All surgical procedures contain risks. These
should be discussed with a physician.
What Happens After a Pacemaker Is Implanted?
Once the pacemaker is implanted, it is important
that the patient be followed by a pacemaker clinic or a commercial
group that specializes in pacemaker follow-up. The physician implanting
the pacemaker should help the patient arrange appropriate follow-up.
Pacemaker follow-up is usually done on a defined schedule. The schedule
may vary depending on who is in charge of following or checking
the pacemaker. Some physicians will prefer that the patient be seen
in the office on a regular basis to have the pacemaker checked.
Others will arrange a pacemaker check to be done by telephone, called
transtelephonic monitoring, with periodic visits in the office or
clinic. In many offices, the pacemaker check will be performed by
a nurse or technician who is specially trained in management of
pacemakers.
Pacemakers are checked with a special device
called a programmer. A portion of the programmer is simply held
over the pacemaker and is able to communicate with the pacemaker.
It can obtain information about the function of the pacemaker. It
can also change certain functions of the pacemaker to whatever the
doctor, nurse, or technician feels is most appropriate. A special
magnet may also be used during the pacemaker evaluation, and if
transtelephonic monitoring is part of the follow-up, a magnet will
probably be given to the patient to use during the telephone evaluations.
Frequently Asked Questions
1. How is the battery replaced in the artificial
pacemaker? The battery is sealed inside the pacemaker case, or can,
which also contains the electronic circuitry. When the battery's
energy is depleted, a new pacemaker must be implanted. The surgery
needed to remove the old pacemaker and implant the new one may require
only a local anesthetic and is generally a very brief operation.
In most cases, your original pacemaker lead(s) will not need to
be replaced.
2. Is there a chance that my artificial pacemaker
will fail? Yes, there is a remote possibility that any electronic
device can fail, but technical advances in recent years have made
it possible to make pacemakers very reliable.
3. What happens if my artificial pacemaker does
fail? If your pacemaker should fail to function properly, you may
experience the same symptoms that you had before you received the
pacemaker. If you ever have these symptoms, contact you doctor as
soon as possible.
4. Can I use my cellular phone? Yes. In certain
cases, a cellular phone could affect your pacemaker's operation
if it is closer to it than six inches. This interaction is temporary,
and moving the phone away from the pacemaker will return it to proper
function. To reduce the chance of interaction, maintain a distance
of at least six inches between the cellular phone and your pacemaker;
hold the cellular phone on the opposite side of your body from your
pacemaker; do not carry a cellular phone in a breast pocket or on
a belt if that places the phone within 6 inches of your pacemaker.

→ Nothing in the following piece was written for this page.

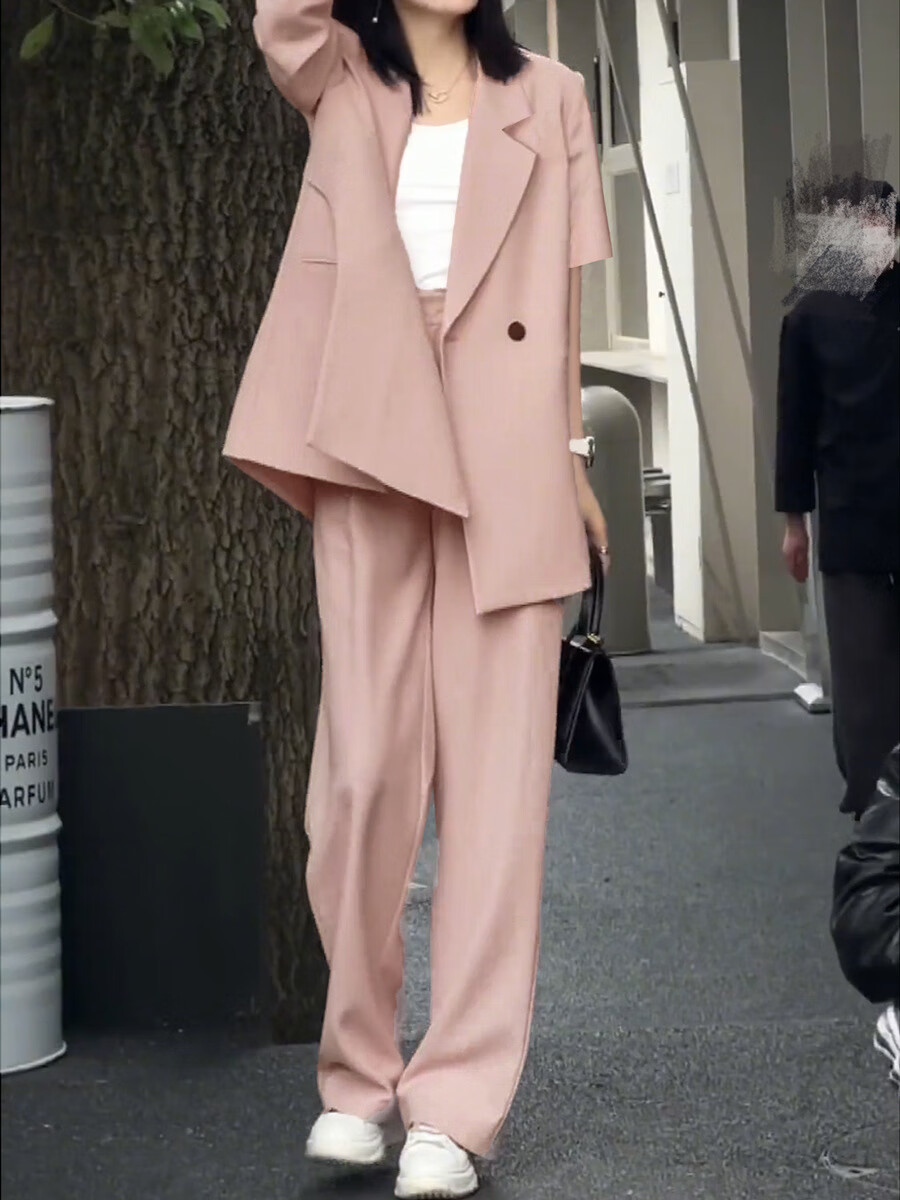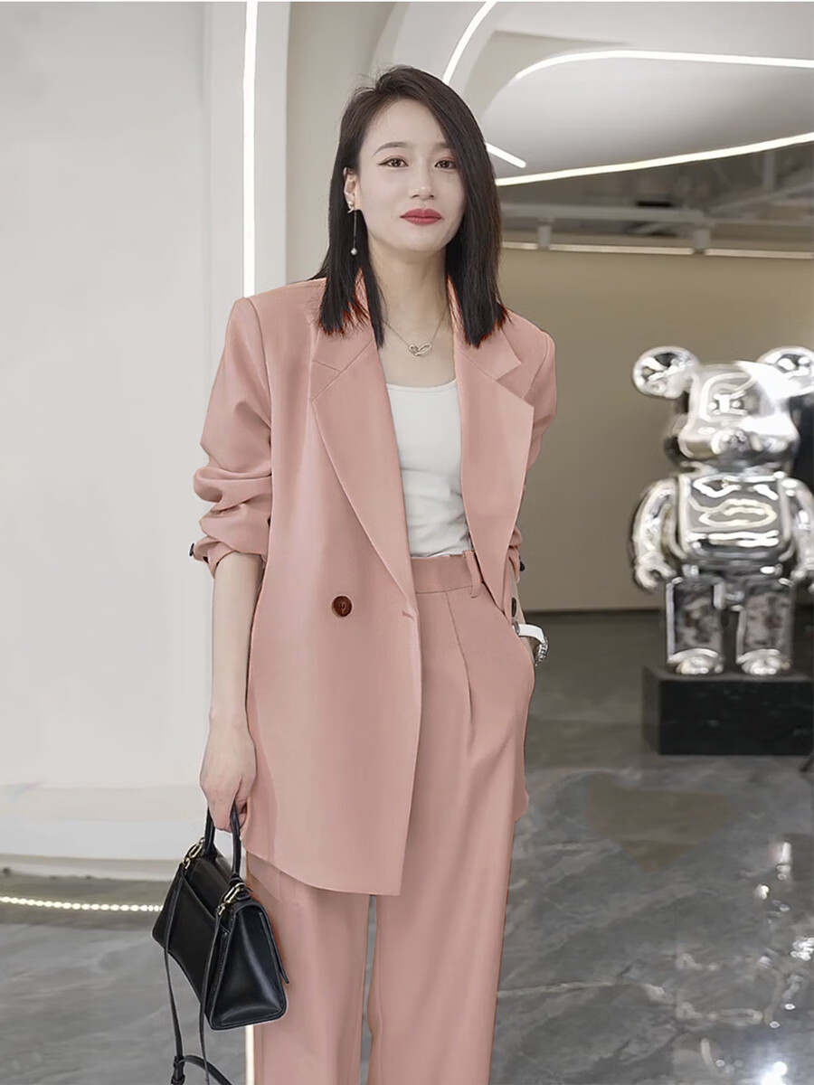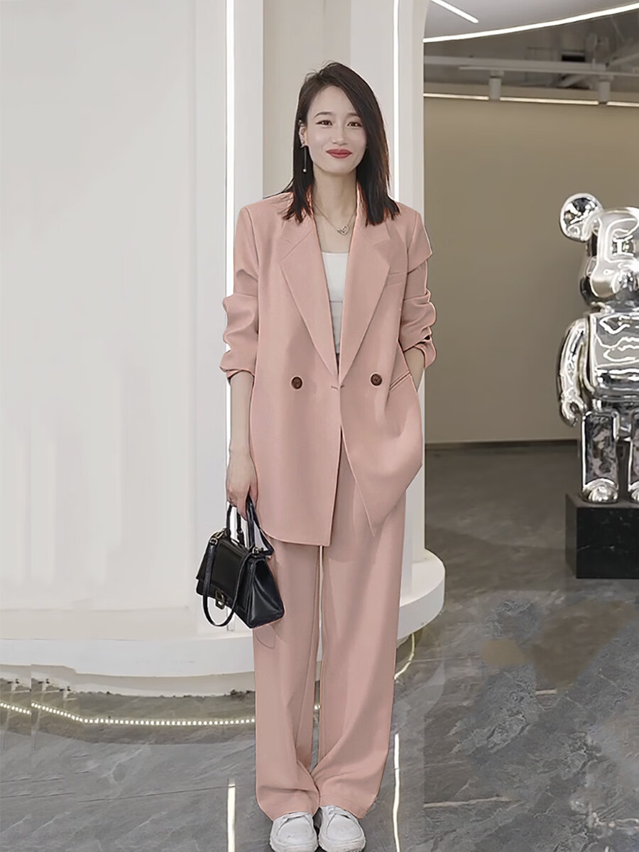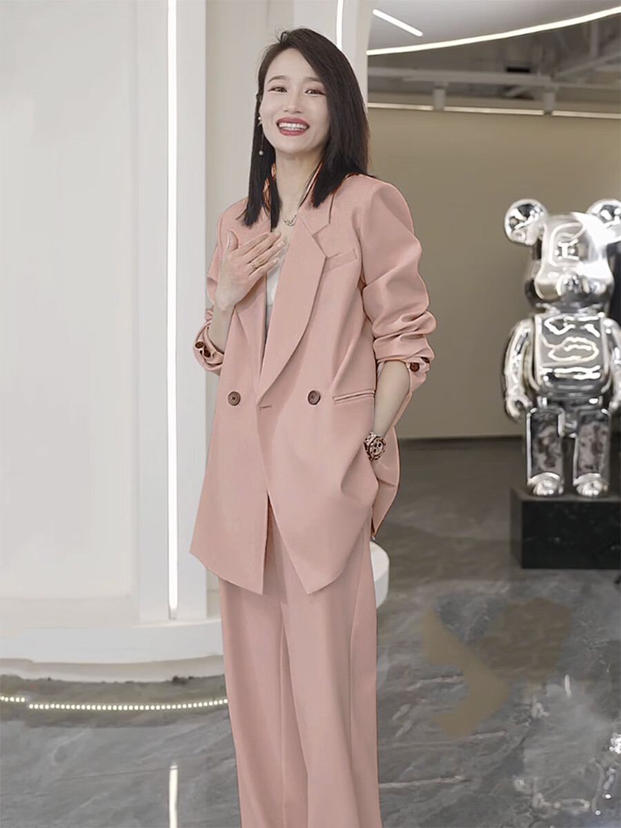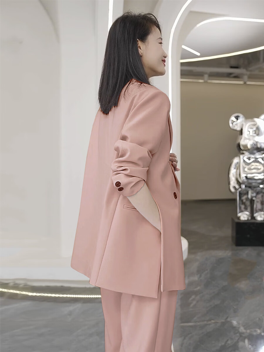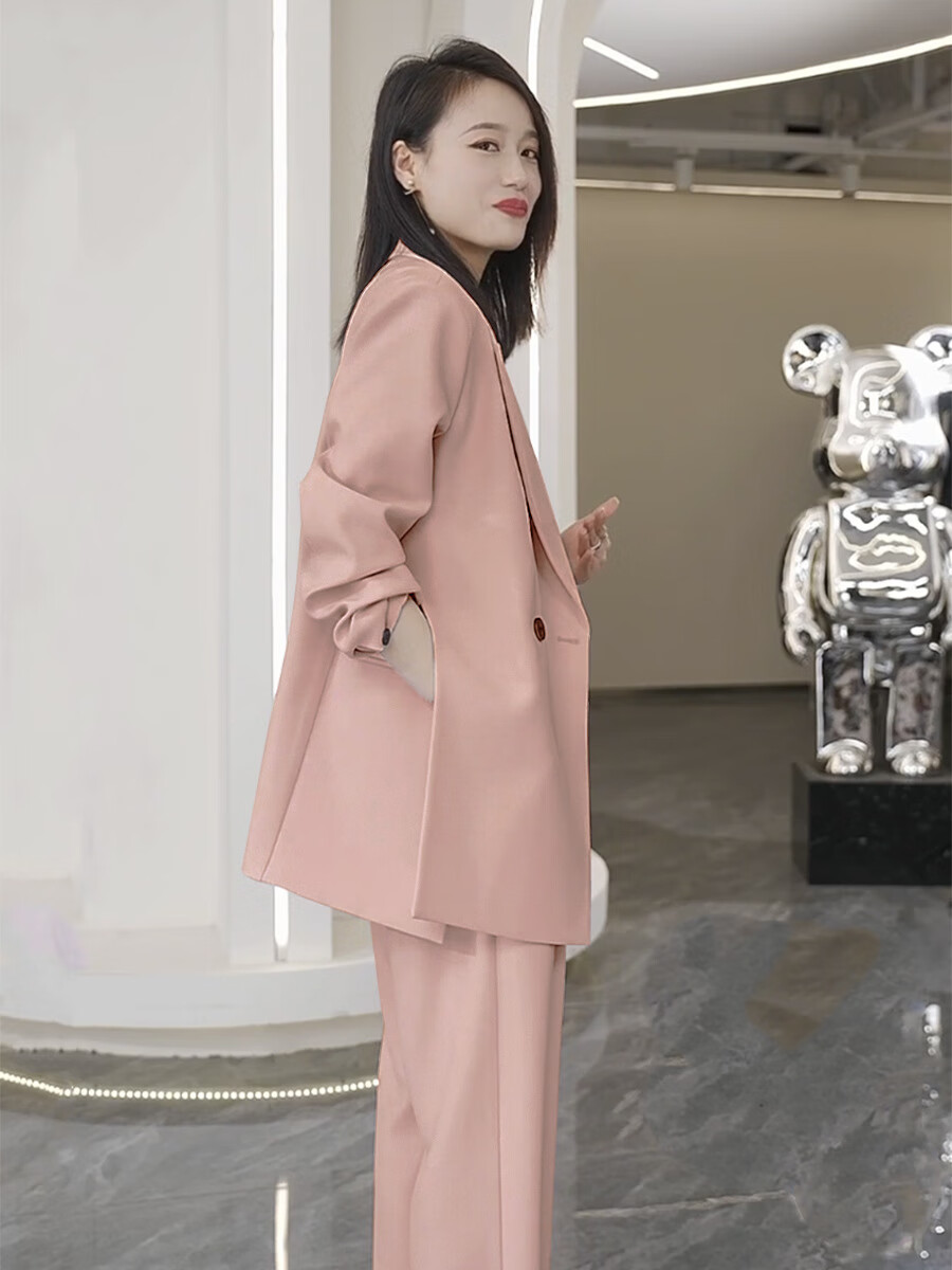 ANGEL MOOD spring extra large size fat girl m suit jacket wide leg pants suit slim casual pink loose suit 200 Jin Jin equals 0.5 kg Pink suit (spring and autumn) XL (recommended 110-135 Jin Jin equals 0.5 kg)

5. Will microwave ovens interfere with my artificial
pacemaker? Microwave ovens will not interfere with pacemakers that
are manufactured today or in recent years. Patients with pacemakers
may use microwaves without concern.
6. Is there other electronic equipment that will
interfere with my artificial pacemaker? Certain types of welding
equipment could interfere with a pacemaker and should be discussed
with your physician prior to using. There are other industrial sources
of potential interference. If you work in an environment where heavy
equipment is used, it is worthwhile discussing it with your physician
to be certain there is no concern.
Certain types of hospital equipment may cause
interference. MRI or magnetic resonance imaging equipment is capable
of interference and is generally not performed in patients with
pacemakers. MRI has been done in special circumstances in patients
with pacemakers. If an MRI was felt to be critical, this would require
discussion between you and the doctor ordering the MRI.